> SUPPLIED DATA:
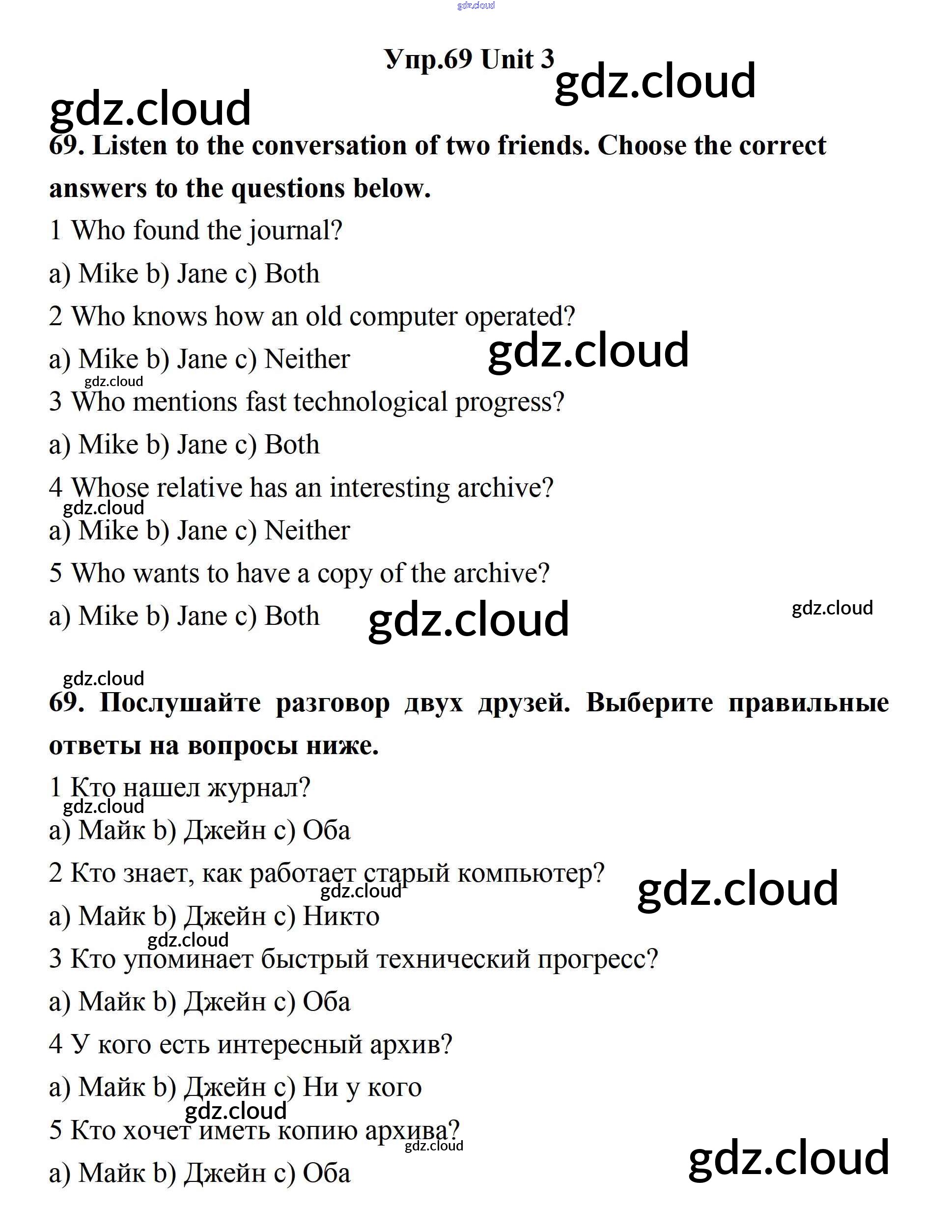 Ответ на задание 69 Учебник Английский язык за 11 (одиннадцатый) класс Биболетова, Бабушис, Снежко Enjoy English 2017
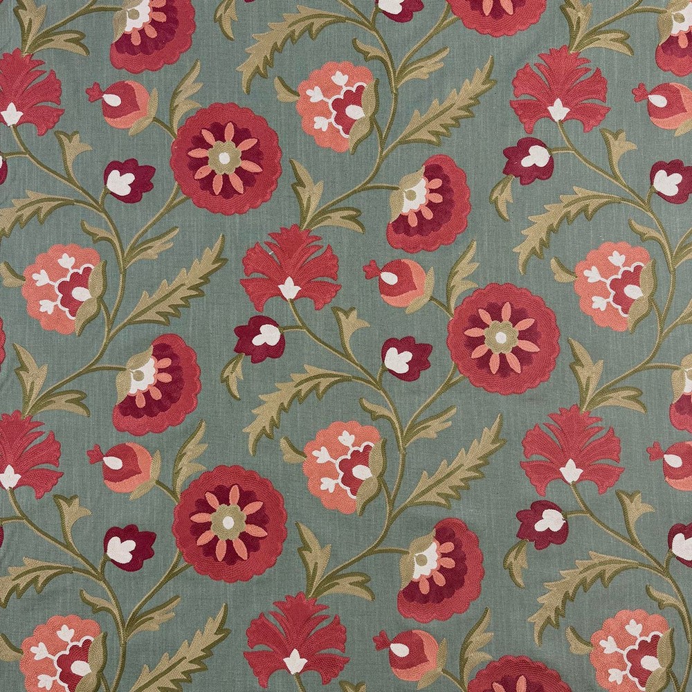 | Magfabrics Green,multi-color,red Crewels/embroideries Crewel,embroidery,floral Fabric Pattern is Uproll |
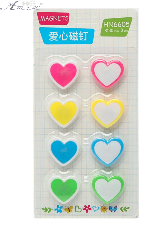 Набор из шести цветных магнитов сердца для презентационного оборудывания. Диаметр магнита 30 мм, упакованы в блистер. Фактический цвет может отличаться от изображенного на фото.

> BRIEF:
Give again, word for word, the lines above from the one with "is Uproll |" through the final line of the data, both ends included. Do not copy any picture.

> TASK RESULT:
 | Magfabrics Green,multi-color,red Crewels/embroideries Crewel,embroidery,floral Fabric Pattern is Uproll |
 Набор из шести цветных магнитов сердца для презентационного оборудывания. Диаметр магнита 30 мм, упакованы в блистер. Фактический цвет может отличаться от изображенного на фото.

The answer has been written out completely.